SUPPLIED ENTRIES:

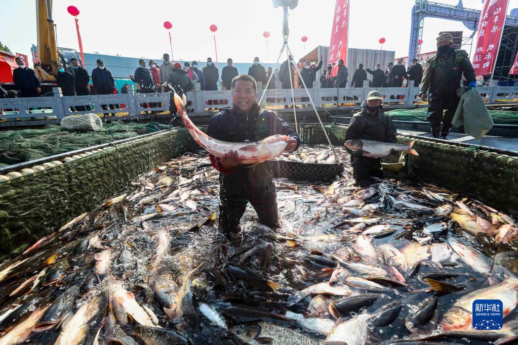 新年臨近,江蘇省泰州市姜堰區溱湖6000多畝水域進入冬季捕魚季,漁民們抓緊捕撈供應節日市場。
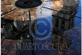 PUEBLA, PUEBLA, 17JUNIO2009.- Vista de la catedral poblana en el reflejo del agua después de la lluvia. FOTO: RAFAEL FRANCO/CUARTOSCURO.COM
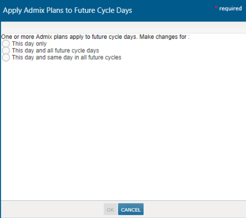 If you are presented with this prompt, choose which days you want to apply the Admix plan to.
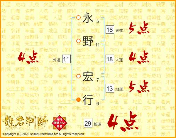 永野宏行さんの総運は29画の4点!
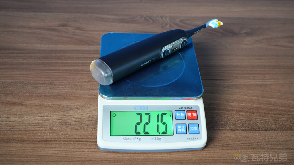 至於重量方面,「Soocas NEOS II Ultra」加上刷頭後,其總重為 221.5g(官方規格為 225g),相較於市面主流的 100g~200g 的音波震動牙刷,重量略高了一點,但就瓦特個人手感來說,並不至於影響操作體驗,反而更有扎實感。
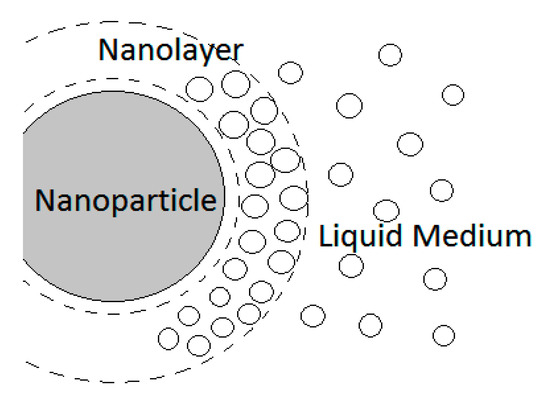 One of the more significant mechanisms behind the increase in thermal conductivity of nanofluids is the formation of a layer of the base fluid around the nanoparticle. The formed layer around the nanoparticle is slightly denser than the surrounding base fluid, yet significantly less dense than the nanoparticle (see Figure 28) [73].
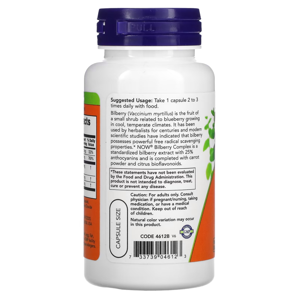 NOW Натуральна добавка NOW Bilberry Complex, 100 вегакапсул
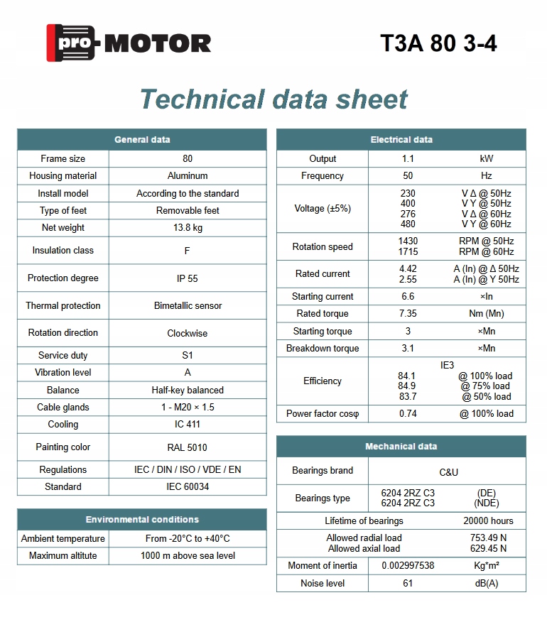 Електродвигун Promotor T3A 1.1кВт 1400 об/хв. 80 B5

...

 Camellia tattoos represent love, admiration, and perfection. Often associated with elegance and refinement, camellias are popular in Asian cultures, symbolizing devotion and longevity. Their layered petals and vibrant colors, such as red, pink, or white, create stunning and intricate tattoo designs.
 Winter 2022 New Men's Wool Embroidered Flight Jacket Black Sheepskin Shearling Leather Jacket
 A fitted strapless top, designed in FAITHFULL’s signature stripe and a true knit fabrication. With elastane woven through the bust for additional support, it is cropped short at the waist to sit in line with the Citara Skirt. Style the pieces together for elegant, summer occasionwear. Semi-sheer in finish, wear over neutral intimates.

...

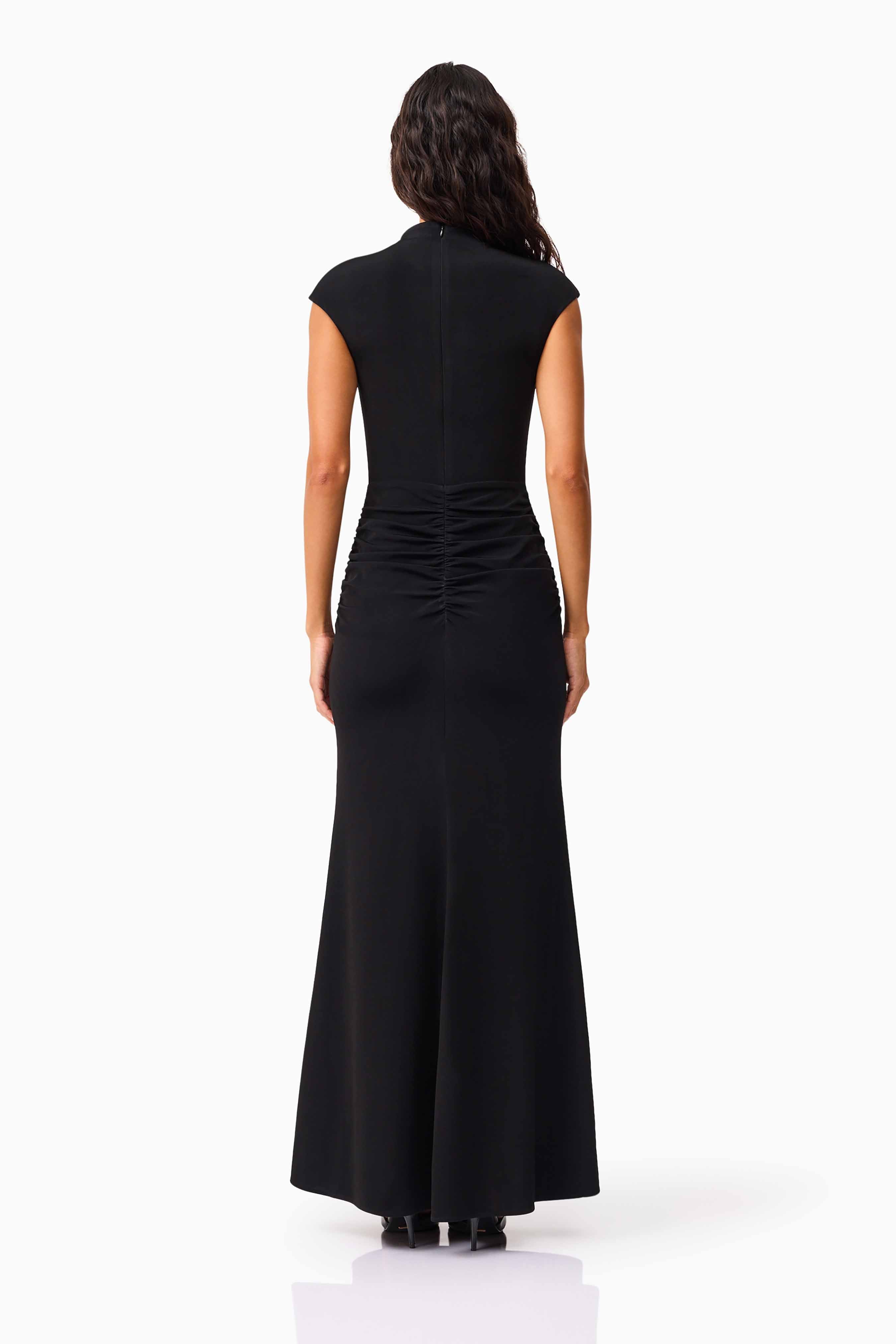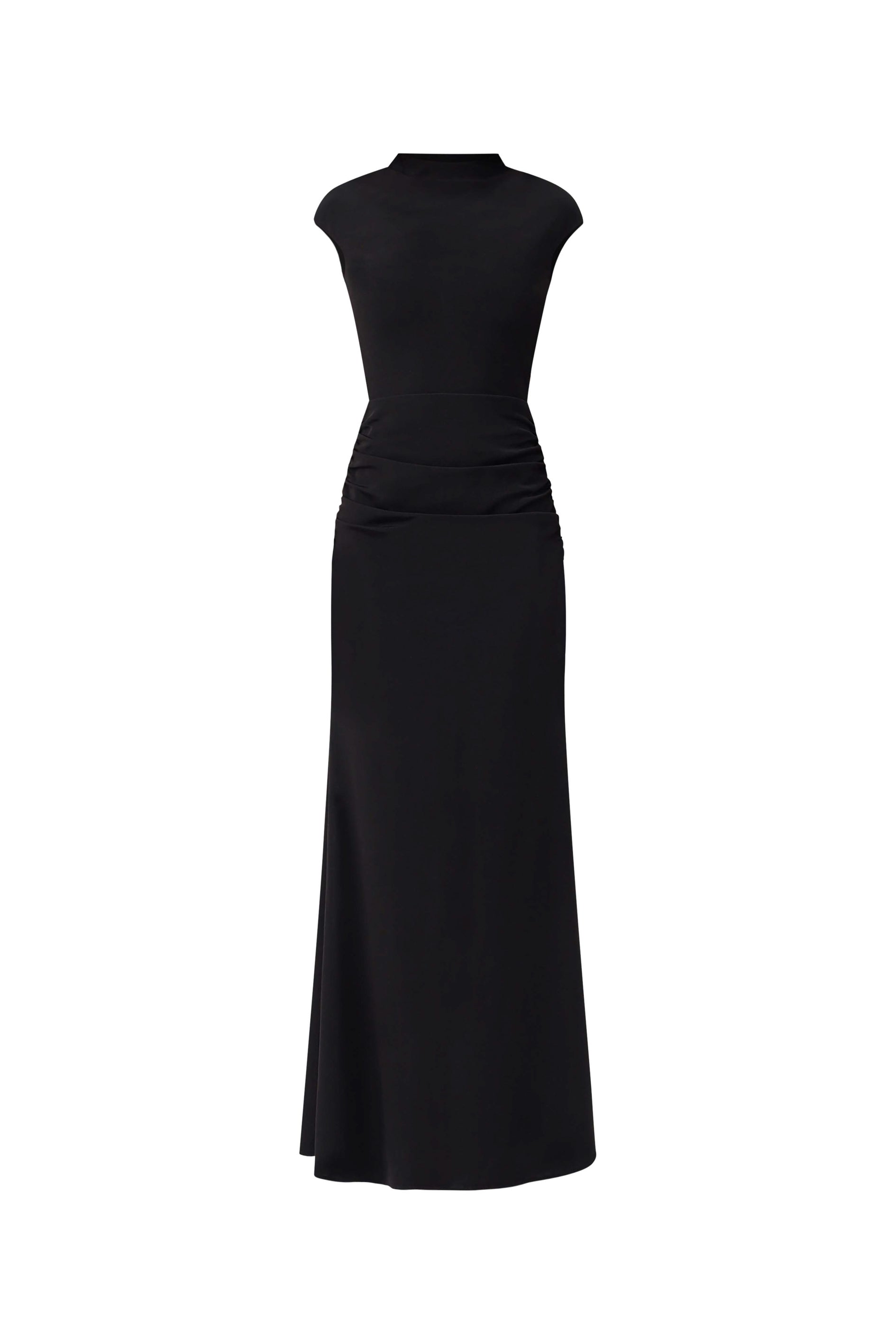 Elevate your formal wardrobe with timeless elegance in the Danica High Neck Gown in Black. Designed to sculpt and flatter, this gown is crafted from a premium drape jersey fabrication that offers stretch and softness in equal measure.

PROBLEM: Repeat, without pictures, exactly the lines of the data above from the one containing "新年臨近,江蘇省泰州市姜堰區" through the one containing "至於重量方面,「Soocas NEOS II", including both and adding nothing.

OUTPUT OF THE TASK:
 新年臨近,江蘇省泰州市姜堰區溱湖6000多畝水域進入冬季捕魚季,漁民們抓緊捕撈供應節日市場。
 PUEBLA, PUEBLA, 17JUNIO2009.- Vista de la catedral poblana en el reflejo del agua después de la lluvia. FOTO: RAFAEL FRANCO/CUARTOSCURO.COM
 If you are presented with this prompt, choose which days you want to apply the Admix plan to.
 永野宏行さんの総運は29画の4点!
 至於重量方面,「Soocas NEOS II Ultra」加上刷頭後,其總重為 221.5g(官方規格為 225g),相較於市面主流的 100g~200g 的音波震動牙刷,重量略高了一點,但就瓦特個人手感來說,並不至於影響操作體驗,反而更有扎實感。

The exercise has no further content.